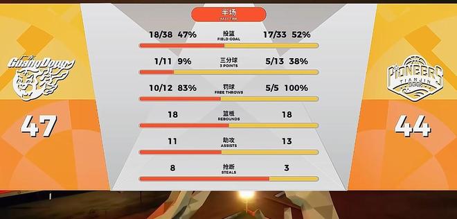 這一節兩隊你追我趕,廣東和天津的單外援陣容打的不亦樂乎,場上菜雞互啄,半場戰罷廣東憑借奎因薩姆納半場合力砍下的33分,艱難47-44領先天津,上半場廣東三分11中1,本土球員僅得10分,天津飚進5記三分,本土球員拿到23分,谷澤裕半場13分8助,一人打爆胡明軒楊溢。
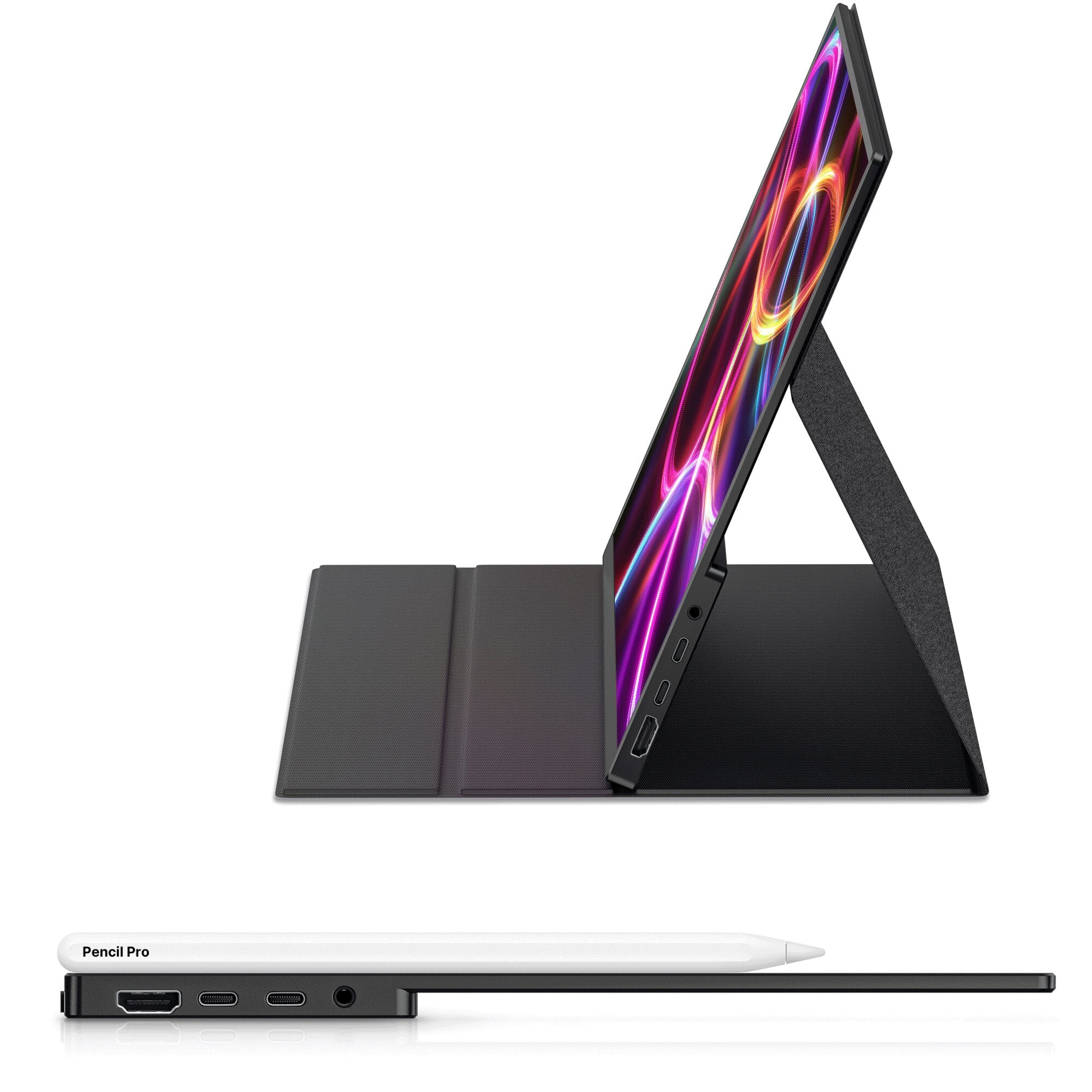 • Mobile Pixels Fold portable monitor with high-definition IPS screen renders accurate and bright color, extending your screen or playing games on business trip, travel, or home entertainment. It supports plug and play with DP-enabled USB-C devices, no driver installation is required. The Fold portable external monitor comes with a durable magnetic case that works as a kickstand as well as a protective sleeve. The scratchproof smart cover is made of durable PU leather and can outlast the life of the device.
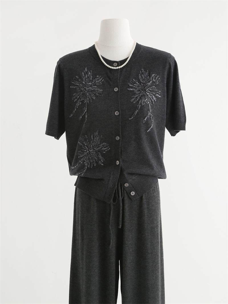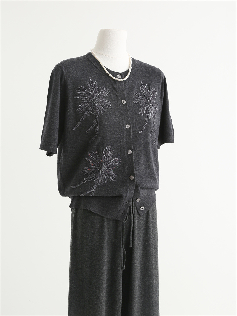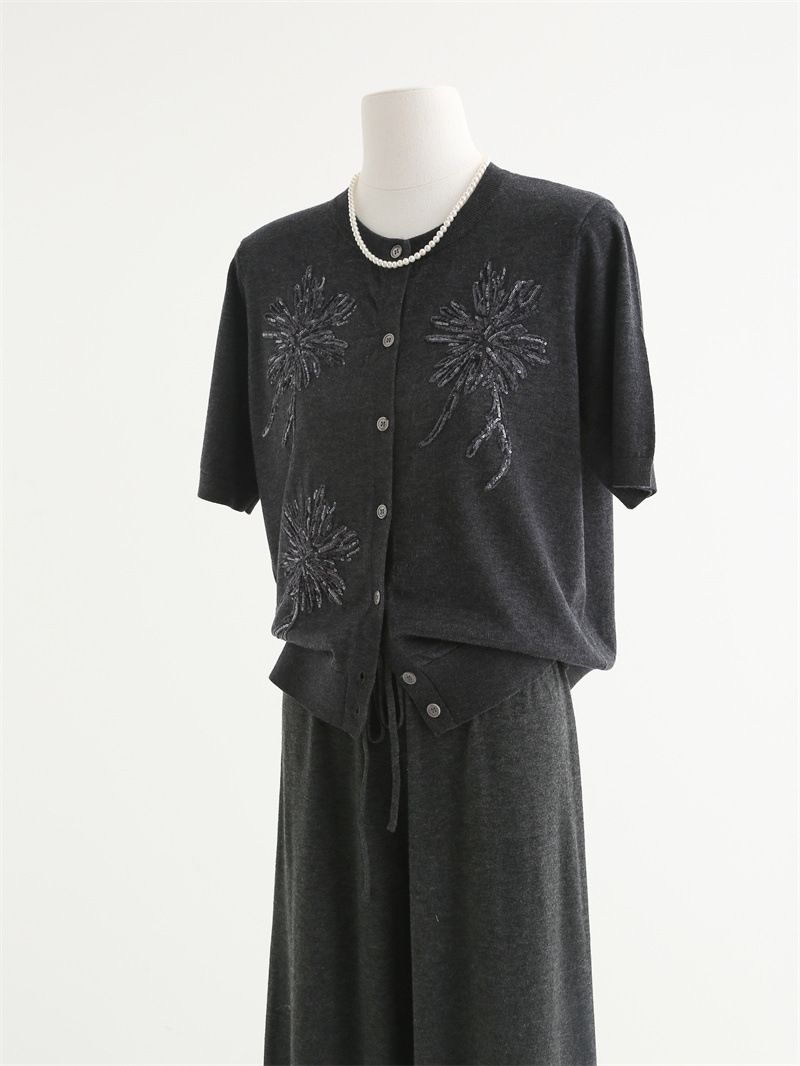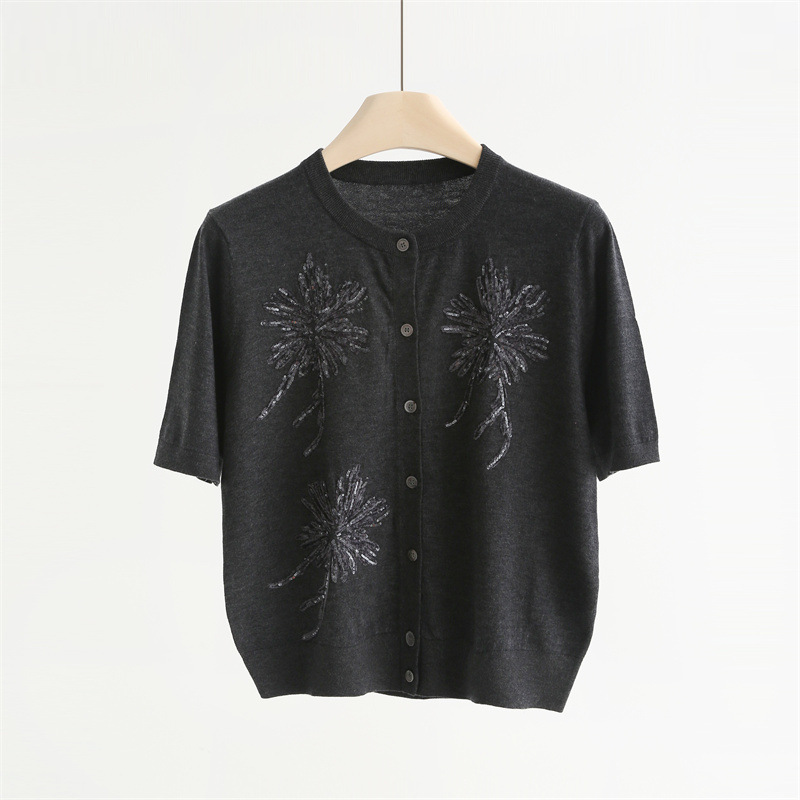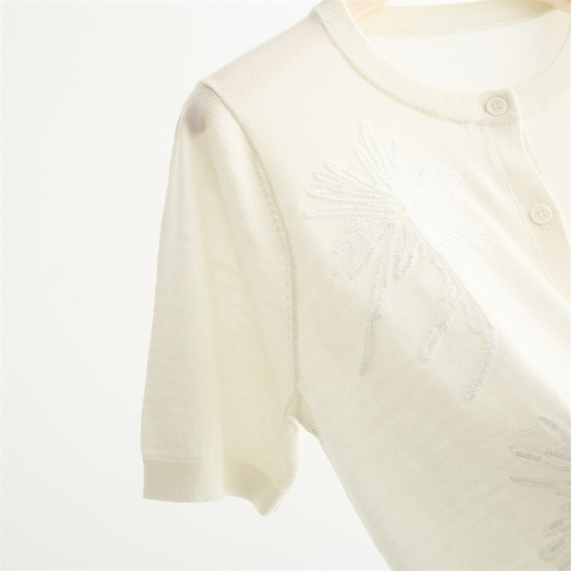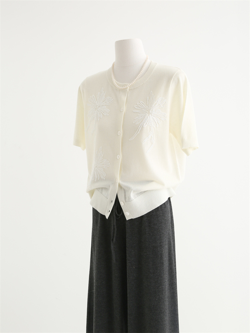 款号:QTQ-16152#BC刺绣花朵圆领短袖
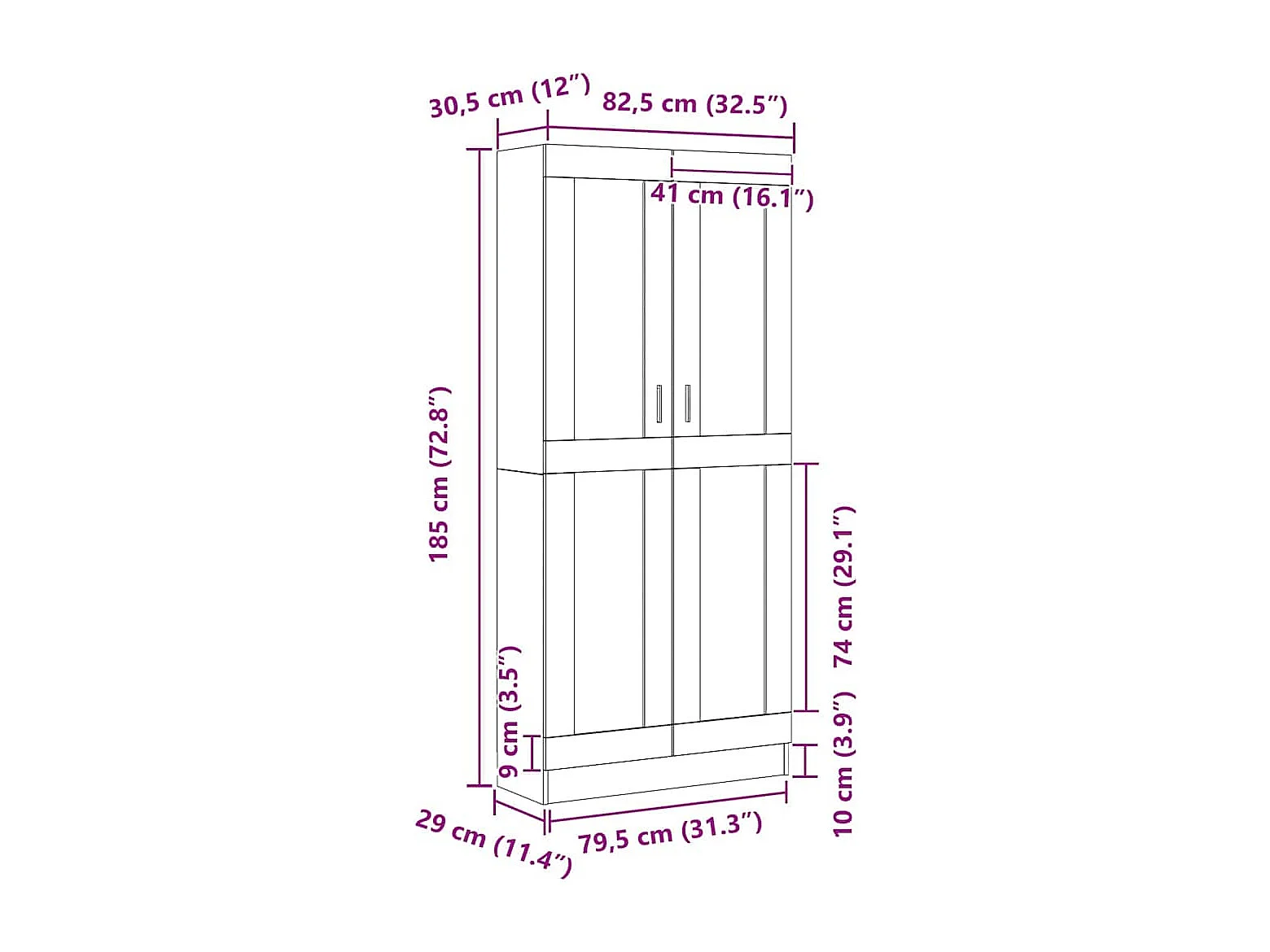 Bibliothèque Chêne noir 82.5 x 30.5 x 185 cm Bois d'ingénierie
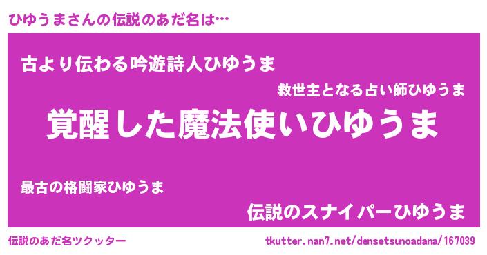 | ヒーロー風カッコイイあだ名 | 『天弓騎士ヒユ』『ネオヒユウマ』 |
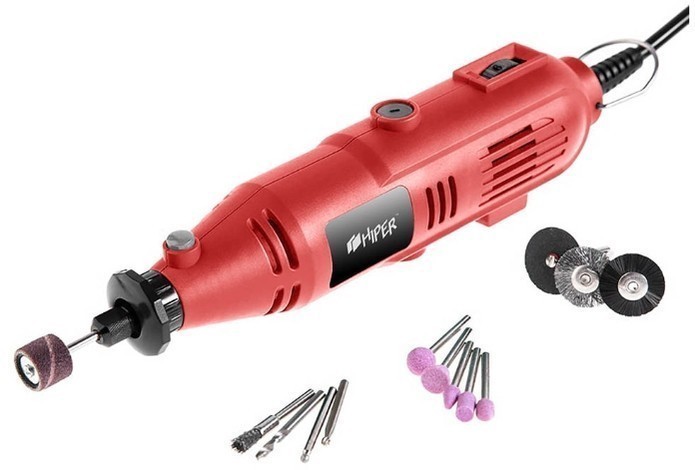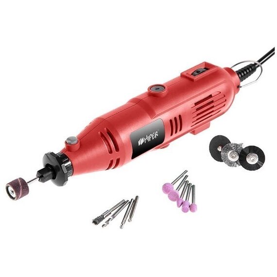 Комплектация: дрель-гравер, оснастка (гибкий вал 1 шт., круги наждачные 2 шт., круги отрезные 13 шт., цилиндры наждачные 5 шт., шарошки абразивные 5 шт., боры 2 шт., круги полировальные 2 шт., сверло 1 шт., цанги 3 шт., полировальные насадки 1 шт., кордщетки 3 шт., держатель наждачных цилиндров 1 шт., держатель полировальных кругов 1 шт., держатель отрезных кругов 1 шт., держатель наждачных кругов 1 шт., точильный камень 1 шт., кронштейн, ключ для замены оснастки), кейс, инструкция
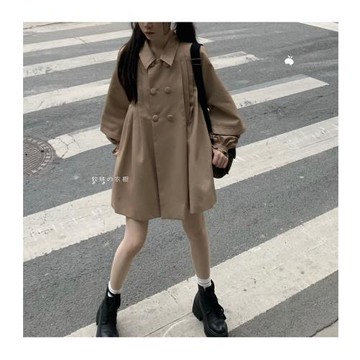自制【軟】乖巧新生!小個子秋季新款百搭甜妹氣質卡其色風衣外套
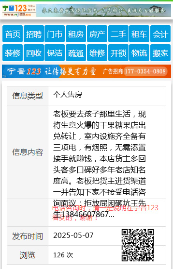 老板要去孩子那里生活,现将生意火爆的干果糖果店出兑转让,室内设施齐全备有三项电,有烟照,无需添置接手就赚钱,本店货主多回头客多口碑好多年老店知名度高。老板把货主进货渠道一并告知下家不接受电话咨询面议:拒放屁闲砸坑王先生13846607867 【电话咨询时,请一定说明在伊春信息网看到的,谢谢!】 |

> **Try it**
Print all of the entries word for word. Omit the pictures they contain.

> **Expected answer**
 這一節兩隊你追我趕,廣東和天津的單外援陣容打的不亦樂乎,場上菜雞互啄,半場戰罷廣東憑借奎因薩姆納半場合力砍下的33分,艱難47-44領先天津,上半場廣東三分11中1,本土球員僅得10分,天津飚進5記三分,本土球員拿到23分,谷澤裕半場13分8助,一人打爆胡明軒楊溢。
 • Mobile Pixels Fold portable monitor with high-definition IPS screen renders accurate and bright color, extending your screen or playing games on business trip, travel, or home entertainment. It supports plug and play with DP-enabled USB-C devices, no driver installation is required. The Fold portable external monitor comes with a durable magnetic case that works as a kickstand as well as a protective sleeve. The scratchproof smart cover is made of durable PU leather and can outlast the life of the device.
 款号:QTQ-16152#BC刺绣花朵圆领短袖
 Bibliothèque Chêne noir 82.5 x 30.5 x 185 cm Bois d'ingénierie
 | ヒーロー風カッコイイあだ名 | 『天弓騎士ヒユ』『ネオヒユウマ』 |
 Комплектация: дрель-гравер, оснастка (гибкий вал 1 шт., круги наждачные 2 шт., круги отрезные 13 шт., цилиндры наждачные 5 шт., шарошки абразивные 5 шт., боры 2 шт., круги полировальные 2 шт., сверло 1 шт., цанги 3 шт., полировальные насадки 1 шт., кордщетки 3 шт., держатель наждачных цилиндров 1 шт., держатель полировальных кругов 1 шт., держатель отрезных кругов 1 шт., держатель наждачных кругов 1 шт., точильный камень 1 шт., кронштейн, ключ для замены оснастки), кейс, инструкция
自制【軟】乖巧新生!小個子秋季新款百搭甜妹氣質卡其色風衣外套
 老板要去孩子那里生活,现将生意火爆的干果糖果店出兑转让,室内设施齐全备有三项电,有烟照,无需添置接手就赚钱,本店货主多回头客多口碑好多年老店知名度高。老板把货主进货渠道一并告知下家不接受电话咨询面议:拒放屁闲砸坑王先生13846607867 【电话咨询时,请一定说明在伊春信息网看到的,谢谢!】 |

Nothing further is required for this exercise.